GHC contends that BCC is not entitled to an award of attorney fees under section 1021.5 because BCC cannot satisfy the statutory requirements for such an award. In its cross-appeal, BCC contends that the trial court erred in refusing to award BCC a fee enhancement, on top of the lodestar amount, to compensate BCC for the risks inherent in contingency representation.
Standard of Review
Ordinarily, we review attorney fee awards under section 1021.5 for abuse of discretion. (Connerly v. State Personnel Bd. (2006) 37 Cal.4th 1169, 1175.) Where the determination is based on statutory construction and a question of law, however, we review the decision de novo. (Ibid.; McGuigan v. City of San Diego (2010) 183 Cal.App.4th 610, 623 [“Where the material facts are undisputed, and the question is how to apply statutory language to a given factual and procedural context, the reviewing court applies a de novo standard of review to the legal determinations made by the trial court”].)
We disagree with GHC’s contention that the proper standard of review here is de novo. There are material factual disputes in this case. Our determination whether BCC has met the statutory criteria for an award of fees involves mixed questions of law and fact, with factual issues predominating. Our review is not limited to pure questions of law based on undisputed facts. Thus, the deferential abuse of discretion standard is applicable. (Connerly v. State Personnel Bd., supra, 37 Cal.4th at p. 1175.)
GHC’s Appeal
Section 1021.5 provides in part: “Upon motion, a court may award attorneys’ fees to a successful party against one or more opposing parties in any action which has resulted in the enforcement of an important right affecting the public interest if: (a) a significant benefit, whether pecuniary or nonpecuniary, has been conferred on the general public or a large class of persons, (b) the necessity and financial burden of private enforcement . . . are such as to make the award appropriate, and (c) such fees should not in the interest of justice be paid out of the recovery, if any.” Subsection (c) is inapplicable because there was no monetary recovery in this case.

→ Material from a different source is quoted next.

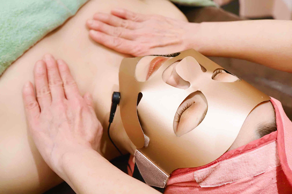 しっかりとお顔の筋肉をほぐして、コラーゲン+美容液+リフトアップパック+リフトアップマスクの四層をベースに、その上からマスク型の機械で電気を流します。

“T]he Legislature adopted section 1021.5 as a codification of the ‘private attorney general’ attorney fee doctrine that had been developed in numerous prior judicial decisions. . . . [T]he fundamental objective of the private attorney general doctrine of attorney fees is “‘“to encourage suits effectuating a strong [public] policy by awarding substantial attorney’s fees . . . to those who successfully bring [or oppose] such suits and thereby bring about benefits to a broad class of citizens.”’ [Citation.] The doctrine rests upon the recognition that privately initiated [or defended] lawsuits are often essential to the effectuation of the fundamental public policies embodied in constitutional or statutory provisions, and that, without some mechanism authorizing the award of attorney fees, private actions to enforce such important public policies will as a practical matter frequently be infeasible. [Citations.]” (Woodland Hills Residents Assn., Inc. v. City Council (1979) 23 Cal.3d 917, 933.)
1. Successful party
GHC contends that BCC is not a “successful party” within the meaning of section 1021.5 because it did not achieve its objectives in this litigation. This contention is without merit.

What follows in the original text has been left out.